British writer (born 1960)

Edward St Aubyn (born 1960) is an English author and journalist. He is the author of eleven novels, including notably the semi-autobiographical Patrick Melrose novels. In 2006, Mother's Milk was shortlisted for the Booker Prize.

==Early life and education==
St Aubyn was born in 1960 in London, the son of Roger Geoffrey St Aubyn (1906–1985), a surgeon, and his second wife, Lorna Mackintosh (1929–2005). On his father's side, he is a great-great-grandson of Sir Edward St Aubyn, 1st Baronet, and a great-nephew of John St Aubyn, 1st Baron St Levan.

St Aubyn's father was first married to Sophie Helene Freiin von Puthon, daughter of Baron Heinrich Puthon, long-time president of the Salzburg Festival, whom he divorced in 1957. St Aubyn has two half-sisters from his father's first marriage, and an elder sister, Alexandra. He grew up in London and France, where his family had houses. He has described an unhappy childhood in which he was repeatedly raped by his sexually abusive father from the ages of 5 to 8, with the complicity of his mother. St. Aubyn later said of his father, "He had a small canvas, but he was as destructive as he could be. If he’d been given Cambodia, or China, I’m sure he would have done sterling work".
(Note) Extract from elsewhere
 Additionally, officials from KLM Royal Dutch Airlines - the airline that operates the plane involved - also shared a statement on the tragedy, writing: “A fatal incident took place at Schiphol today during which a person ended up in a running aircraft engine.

St Aubyn attended Sussex House and then Westminster School. In 1979 he went on to read English at Keble College, Oxford. At the time a heroin addict, he graduated with a pass, the lowest possible class of degree.
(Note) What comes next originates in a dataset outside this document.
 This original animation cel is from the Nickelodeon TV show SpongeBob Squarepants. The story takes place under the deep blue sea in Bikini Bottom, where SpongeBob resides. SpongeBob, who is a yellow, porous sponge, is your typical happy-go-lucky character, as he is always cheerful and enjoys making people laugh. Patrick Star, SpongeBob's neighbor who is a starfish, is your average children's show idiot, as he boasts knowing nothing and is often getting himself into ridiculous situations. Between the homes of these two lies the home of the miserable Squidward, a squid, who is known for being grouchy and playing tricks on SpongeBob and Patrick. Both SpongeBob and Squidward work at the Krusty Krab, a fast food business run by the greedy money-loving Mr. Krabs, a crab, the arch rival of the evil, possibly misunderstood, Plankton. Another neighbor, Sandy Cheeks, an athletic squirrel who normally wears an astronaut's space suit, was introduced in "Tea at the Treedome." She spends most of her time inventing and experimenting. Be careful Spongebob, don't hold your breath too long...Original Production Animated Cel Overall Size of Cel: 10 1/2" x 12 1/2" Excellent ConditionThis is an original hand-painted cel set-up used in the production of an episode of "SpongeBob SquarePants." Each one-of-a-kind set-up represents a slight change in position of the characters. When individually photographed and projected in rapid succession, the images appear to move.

==Patrick Melrose series==

Five of St Aubyn's novels, Never Mind, Bad News, Some Hope, Mother's Milk, and At Last, form The Patrick Melrose Novels, the first four of which were republished in a single volume in 2012, in anticipation of the fifth. They are based on the author's own life; the titular protagonist grows up in a highly dysfunctional upper-class English family, and deals with his father's sexual abuse, the deaths of both parents, alcoholism, heroin addiction and recovery, and marriage and parenthood.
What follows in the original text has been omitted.